**INPUT FOR THIS TASK**

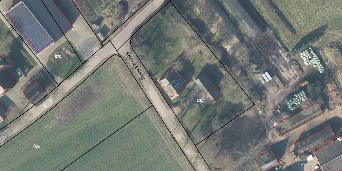 Eefdese Enkweg 1 is gelegen op kadastraal perceel GSL01E5927. Deze kadastrale aanduiding is uniek en wordt gebruikt door het Kadaster om eigendomsrechten en andere zakelijke rechten vast te leggen. Het perceel maakt onderdeel uit van de kadastrale gemeente Gorssel.
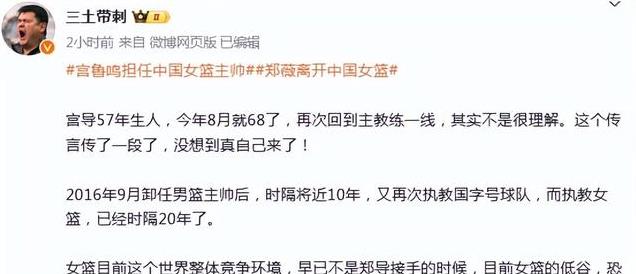 媒体人苏群发文点评:宫鲁鸣指导到底还是出山了,本来我盼望他带中国男篮,现在重新带女篮也不错。宫指导出山,跟当年蒋兴权指导重出江湖带男篮具有同样的意义。但和20多年前他带女篮不同,环境变化太大了,如今是流量时代,很多东西仅靠思想工作、三从一大解决不了,这是非常大的挑战。
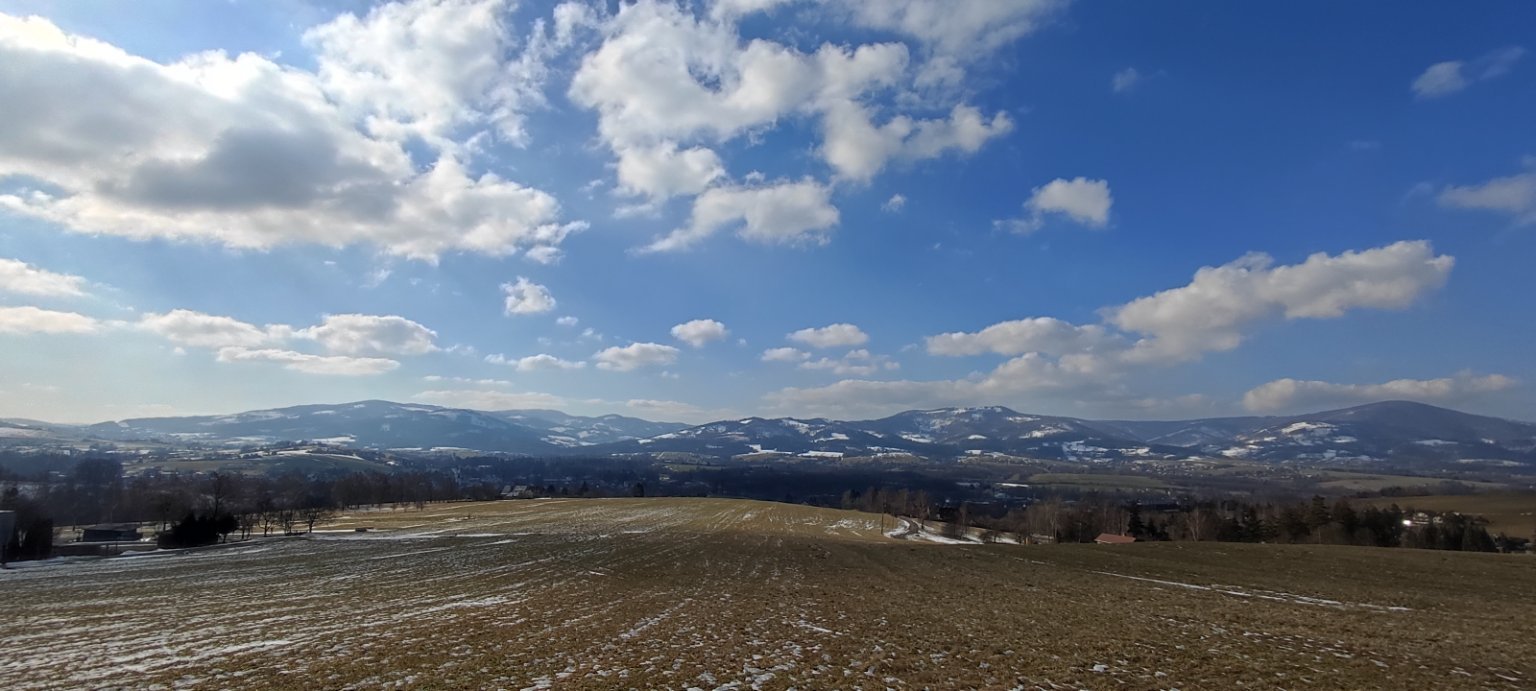 1,7°C, Polojasno, Sníh: nesouvislý. Krásně zasněžený Stožek (979 m.n.m).
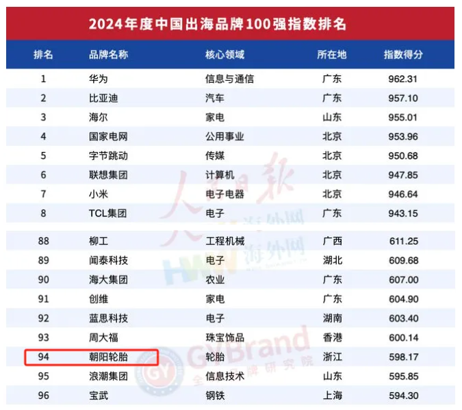 朝陽輪胎榮膺2024中國出海品牌100強(qiáng)!
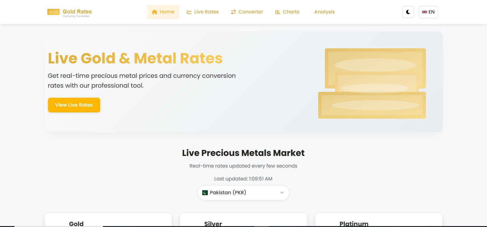 Track live gold, silver & platinum rates with currency converter. Includes real-time updates, dark/light mode & responsiveGold Rates And Currency Converter

**WHAT IS BEING ASKED**
Write out every record exactly. Leave the pictures out.

**TASK RESULT**
 Eefdese Enkweg 1 is gelegen op kadastraal perceel GSL01E5927. Deze kadastrale aanduiding is uniek en wordt gebruikt door het Kadaster om eigendomsrechten en andere zakelijke rechten vast te leggen. Het perceel maakt onderdeel uit van de kadastrale gemeente Gorssel.
 媒体人苏群发文点评:宫鲁鸣指导到底还是出山了,本来我盼望他带中国男篮,现在重新带女篮也不错。宫指导出山,跟当年蒋兴权指导重出江湖带男篮具有同样的意义。但和20多年前他带女篮不同,环境变化太大了,如今是流量时代,很多东西仅靠思想工作、三从一大解决不了,这是非常大的挑战。
 1,7°C, Polojasno, Sníh: nesouvislý. Krásně zasněžený Stožek (979 m.n.m).
 朝陽輪胎榮膺2024中國出海品牌100強(qiáng)!
 Track live gold, silver & platinum rates with currency converter. Includes real-time updates, dark/light mode & responsiveGold Rates And Currency Converter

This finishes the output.